Make Do Mongolian Stew
The Story Behind Mongolian make-Do Stew and 'Dirty Dining.'
In what is one of the least inhabited countries on the planet, hundreds of miles can separate nomadic villages, and food can be scarce. When you do find a small village, the foodstuffs available may often be limited to stale biscuits, out-of-date Snickers bars and chips. Shopping in a small Ger (Mongolian hut) you may find a few carrots, potatoes and onions that have all seen better days and, if you are extremely lucky, some processed sausage meat. There is absolutely nothing green apart from the few strands of grass you rode in on.
Sitting light-headed and heavy-limbed on the side of the sandy track in the Gobi Desert, I’d never felt so exhausted and wind beaten. We had ridden our motorbikes through deserts and rock fields for sixteen hours, with just a few breaks to sip on our dwindling water supply. With the sun setting quickly, we now had to erect our tent and prepare a meal.

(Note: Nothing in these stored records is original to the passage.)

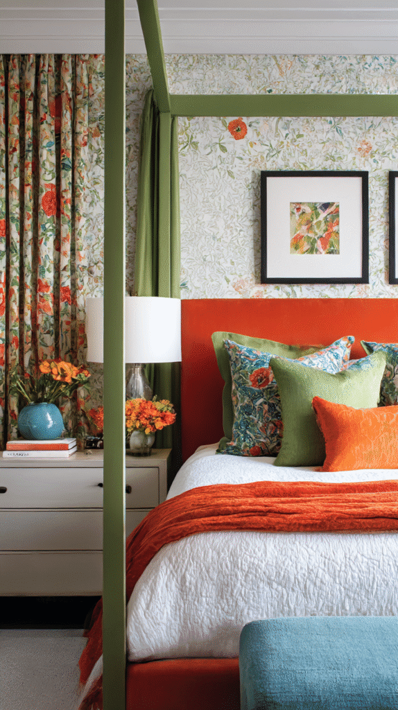 Creating an eclectic bedroom with orange, green, and blue doesn’t have to be a daunting task. Here’s how it plays out:
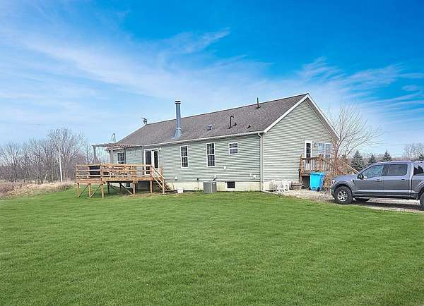 This beautiful country home sits on 5.7 acres of picturesque land, offering a rare combination of spaciousness, comfort, and functional living. The residence features 3 main bedrooms and the potential for 2 additional bedrooms in the basement, providing flexible space for family or guests. The main level includes two full bathrooms and generous bedrooms with large closets, ensuring comfort and convenience. Discover this one-of-a-kind home, perfectly situated on a stunning 5.7-acre wooded lot, where you can enjoy the beauty of nature and the wildlife around you-what a rare gem! This home also comes with a Generac and water softening system!! The inviting living room boasts a cozy wood fireplace and large windows that frame stunning views of the expansive yard. Step outside onto the 12' x 16' deck, accessible from entry doors in the living area, perfect for outdoor enjoying or entertaining. The kitchen is thoughtfully designed with two dining areasone cozy nook and a more formal spacemaking mealtime gatherings a pleasure. The well-maintained driveway and manicured land feature trails, a hunting blind, and a spacious 36' x 48' pole barn. The barn serves as an excellent workshop or storage area, equipped with a main door, two side garage doors, and a convenient man door. This property combines peaceful country living with easy access to shopping and amenities, making it a truly exceptional place to call home. Significant updates have been made to the home from 2023 on!
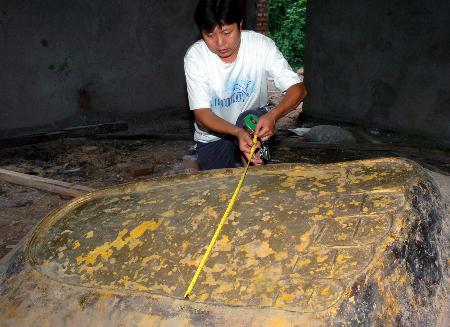 記者來(lái)到距離芒朵社約300米的一處山坡上,看到兩塊均有二三噸重的巨石上,分別有兩個(gè)手印、一個(gè)腳印,手印和腳印均被當(dāng)?shù)卮鲎迦罕娡可狭私鸱。兩個(gè)手掌印中的一個(gè)長(zhǎng)0.65米,寬0.53米,另一個(gè)長(zhǎng)0.84米,寬0.41米,都深陷于巨石中約5厘米,兩只巨手似乎是在用力推動(dòng)巨石。兩米外的另一塊巨石上則有一個(gè)長(zhǎng)1.52米、寬0.75米的腳印。
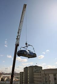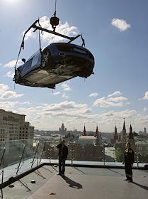 Подъем автомобиля AUDI R8 V10 на крышу отеля The Ritz-Carlton.
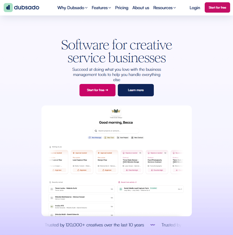 | Dubsado | Freelancers building workflow automation | $200/year | Automates onboarding, contracts, and recurring invoices |
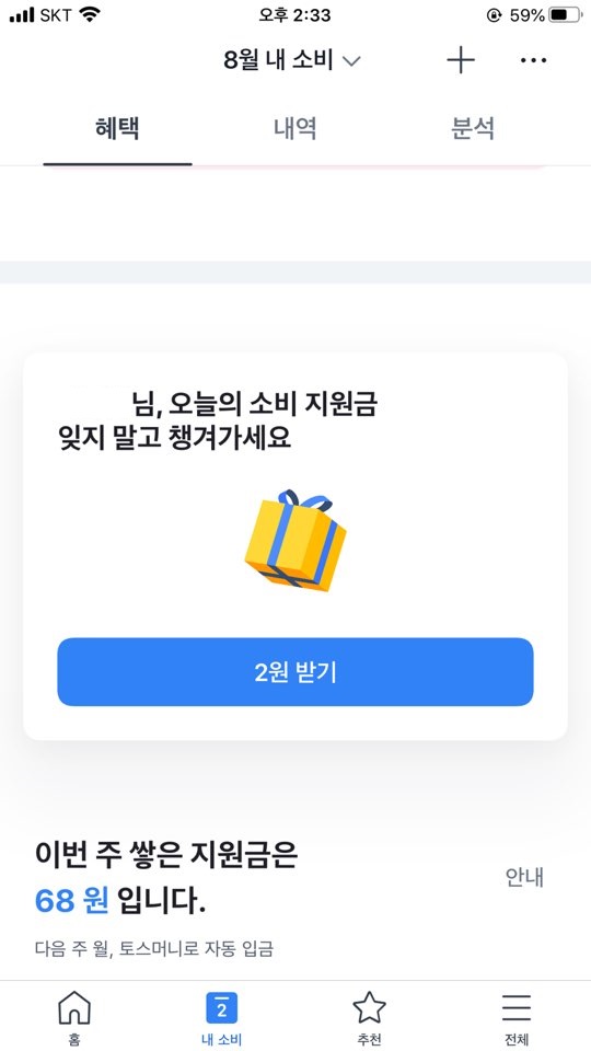 지원금으로 작게는 몇 십원부터 몇백 원까지 토스 머니를 받지.

After willing myself to my feet I hunted through my small motorcycle side box, in which I carry a variety of utensils and food items–spices, herbs, honey, and the processed sausage and wrinkled root vegetables I'd bought in the middle of nowhere yesterday. I knew the meat wouldn’t spoil for a few days, especially in these cold temperatures.
Still covered in dust and dirt, I sat down and started my small MSR camp stove. I had no idea what I was going to cook but this challenge has been part of the fun. My husband Simon and I have spent the last fourteen years exploring almost 100 countries on every continent on earth and I’ve prepared meals in every one, aiming to keep our bodies healthy and our taste buds entertained.
After twenty minutes of prepping, chopping, and stirring, I produced a “Make-Do Mongolian Stew,” a meal that I would have been proud to serve from my kitchen in England. I spooned the stew into our metal bowls as a freezing wind ripped at the tent flaps. It was pronounced delicious, and the idea for Dirty Dining: An Adventurer’s Cookbook was born.